Why are native ads so effective for marketers?

Native ads help marketers to get more juice for their dollars because they are so precise. A platform like Facebook shows ads that are related to the interests of users. That means that they see ads that fit in with their news feeds naturally. The same goes for Instagram, news sites, media sites, or any other platform where you’re choosing to put your advertising dollars. You are being allowed to build ads for specific landscapes that flow and function properly in those landscapes. That means finally saying goodbye to ads that stick out like sore thumbs or take viewers out of the flow.

Which sites are using native advertising?

What does native advertising look like? There are several ways that brands are using native content to create non-obtrusive, organic-looking ads. The goal is to entice your audience to click on the ad intuitively because they are discovering content that appeals to them. Here are the main ways native advertising is embedded:

  • Search and promoted listings.
  • Content recommendations.
  • In-feed ads.

Why are marketers spending more budget on native marketing?

Think of native marketing as a gentle nudge instead of a shove. The big reason why you need native advertising is that it works. This type of ad display boosts both engagement and purchasing intent among customers. What’s more, you don’t have to worry about casting too wide a net and missing the actual audience you want to engage.

There’s another reason why skipping native marketing just isn’t going to cut it. Many people now use ad-blocking software and apps. Native ads offer a flexible, unobtrusive way to make sure your ads will be served and seen because they are part of the content.

What are the top native advertising platforms and companies for native marketing?

What are some of the best native advertising companies that you can use? Outbrain and Taboola are considered by many to be two of the top networks for native ads. One of the big reasons is that Outbrain and Taboola have an excellent grasp on quality motioning for its ads. Redirect.com is another one of the bigger fish out there. Taboola, one of the biggest in terms of scale and is known as the largest content-discovery platform. It caters to both large media outlets and small niche websites.

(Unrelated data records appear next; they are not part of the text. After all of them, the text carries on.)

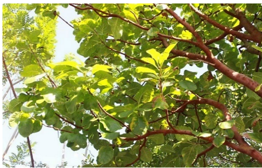
มะคังแดง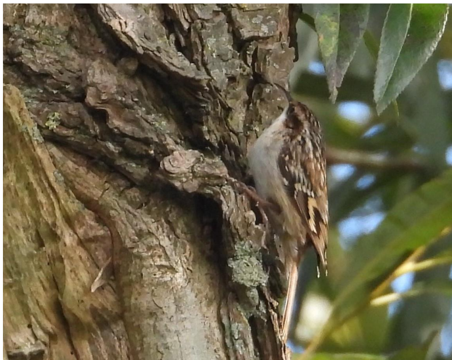
Boomkruiper, De Blauwe Kamer.

Vanaf de hut maken we een mooie wandeling door de uiterwaarden naar de Rijn. We zien zwermen met Spreeuwen, een Ekster, Grauwe Ganzen en een Soepgans ,die tegenwoordig Parkgans wordt genoemd. Puttertjes, Vinken, Pimpelmeesjes (ook mooi voor de fotografen) en de Boomkruiper; wat een mooie camouflage heeft die vogel!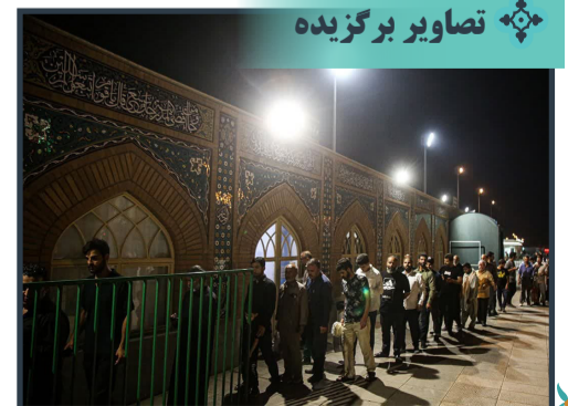
پذیرایی موبک‌های مستقر در حرم حضرت معصومه سلام الله علیها از زائران اربعین حسینی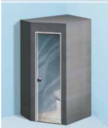
Sanoasa Toretta, avec toit plat

Where are people viewing native ads? They are extremely common on social media platforms like Twitter, Facebook, and Instagram. Also, all news sites and places where people seek entertainment, media, and information on the Internet are now fully immersed in this type of ad experience. The importance of knowing how to create ads for the right kind of user-end platform should not be overstated.

The time to embrace native marketing is now

Going native is the key to creating on-the-ball marketing content. What makes native ads effective is that they act as part of the user experience instead of nuisances that take users out of the experience. The task of marketers going forward is to find customers where they are and serve content that is relevant, interesting, and engaging.